2) We install pg_probackup on both machines (in the example we are working on CentOS, but for other distributions the installation process is described in the documentation ):



yum install -y https://download.postgresql.org/pub/repos/yum/reporpms/EL-7-x86_64/pgdg-redhat-repo-latest.noarch.rpm
rpm -ivh https://repo.postgrespro.ru/pg_probackup/keys/pg_probackup-repo-centos.noarch.rpm
yum install pg_probackup-12
yum install pg_probackup-12-debuginfo


The latest available version of pg_probackup will be installed, at the time of this writing - 2.4.2.
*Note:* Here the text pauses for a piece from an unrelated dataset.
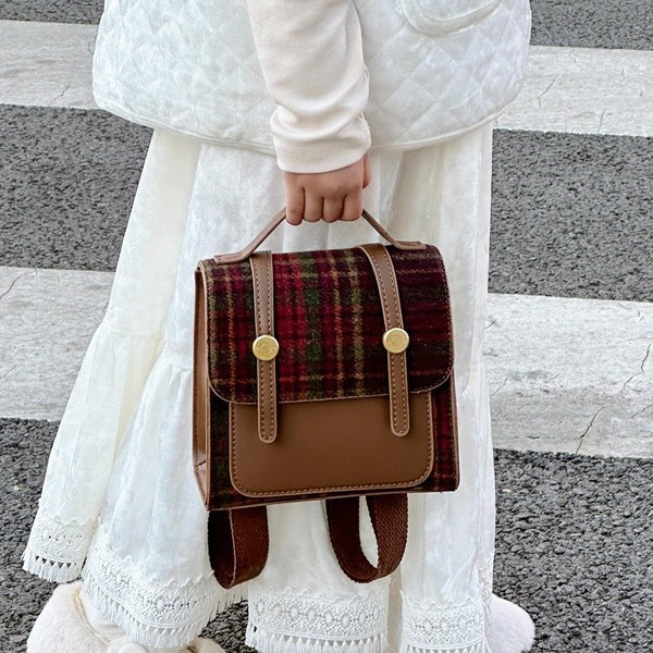 学院風子供リュックサック秋冬新作レトロ格子英倫風小リュックサック幼児可愛い親子カバン

3) create an alias on srv_bkp (this is not necessary, but it is more convenient) and define a variable containing the path to the directory with backups (having created this directory beforehand):



mkdir /home/backup_user/backup_db
echo "BACKUP_PATH=/home/backup_user/backup_db">>~/.bash_profile
echo "export BACKUP_PATH">>~/.bash_profile
echo "alias pg_probackup='pg_probackup-12'">>~/.bash_profile


load the profile



. .bash_profile


4) on srv_bkp, initialize the backup directory and add a new instance:



pg_probackup init


Add the PostgreSQL instance to the directory, give it the name db1, specify the ssh connection parameters - host, username, and path to PGDATA.
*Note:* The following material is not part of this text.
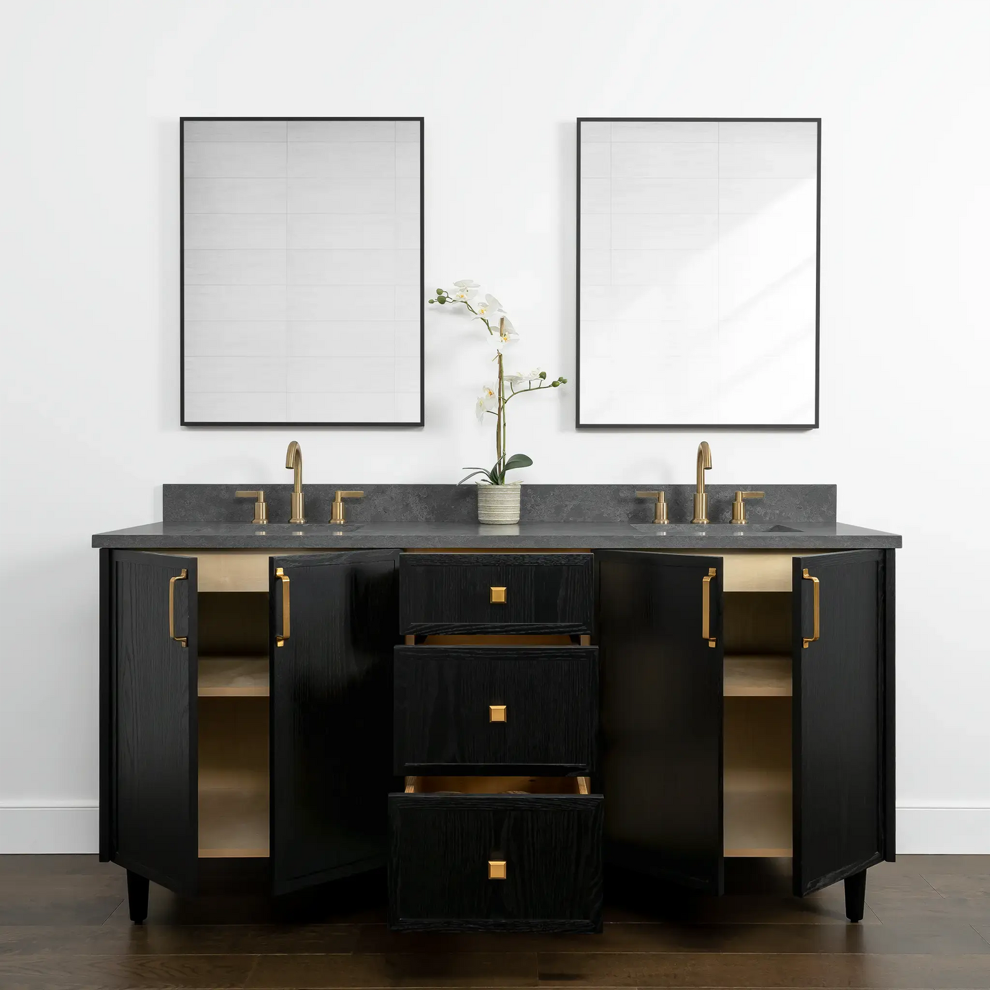 Cape Breton SLIM 72" Blackened Oak Bathroom Vanity, Double Sink

pg_probackup add-instance --instance=db1 --remote-host=srv_db1 --remote-user=postgres --pgdata=/var/lib/pgsql/12/data


If the line appears



INFO: Instance 'db1' successfully inited


So the initialization was successful.

Let's define a policy for retention of backups:



pg_probackup set-config --instance db1 --retention-window=7 --retention-redundancy=2


The resulting policy boils down to the following:



it is necessary to keep all backups under 7 days,

while the number of full backups must be at least two



5) To create backups, you need to connect to a DBMS, so we create a database in the PostgreSQL cluster to which the connection will occur to manage the backup process (from a security point of view, this is better than connecting to a product database), and also change the database parameters:



$ createdb backupdb


joining a new database



psql -d backupdb


create a database role on behalf of which the backup process will be managed:



BEGIN;
CREATE ROLE backup WITH LOGIN REPLICATION password 'Strong_PWD';
GRANT USAGE ON SCHEMA pg_catalog TO backup;
GRANT EXECUTE ON FUNCTION pg_catalog.current_setting(text) TO backup;
GRANT EXECUTE ON FUNCTION pg_catalog.pg_is_in_recovery() TO backup;
GRANT EXECUTE ON FUNCTION pg_catalog.pg_start_backup(text, boolean, boolean) TO backup;
GRANT EXECUTE ON FUNCTION pg_catalog.pg_stop_backup(boolean, boolean) TO backup;
GRANT EXECUTE ON FUNCTION pg_catalog.pg_create_restore_point(text) TO backup;
GRANT EXECUTE ON FUNCTION pg_catalog.pg_switch_wal() TO backup;
GRANT EXECUTE ON FUNCTION pg_catalog.pg_last_wal_replay_lsn() TO backup;
GRANT EXECUTE ON FUNCTION pg_catalog.txid_current() TO backup;
GRANT EXECUTE ON FUNCTION pg_catalog.txid_current_snapshot() TO backup;
GRANT EXECUTE ON FUNCTION pg_catalog.txid_snapshot_xmax(txid_snapshot) TO backup;
GRANT EXECUTE ON FUNCTION pg_catalog.pg_control_checkpoint() TO backup;
COMMIT;


Let's pay attention to the listen_addresses parameter:



show listen_addresses;


if localhost, then change to *



alter system set listen_addresses='*';


If you changed listen_addresses, then PostgreSQL must be restarted.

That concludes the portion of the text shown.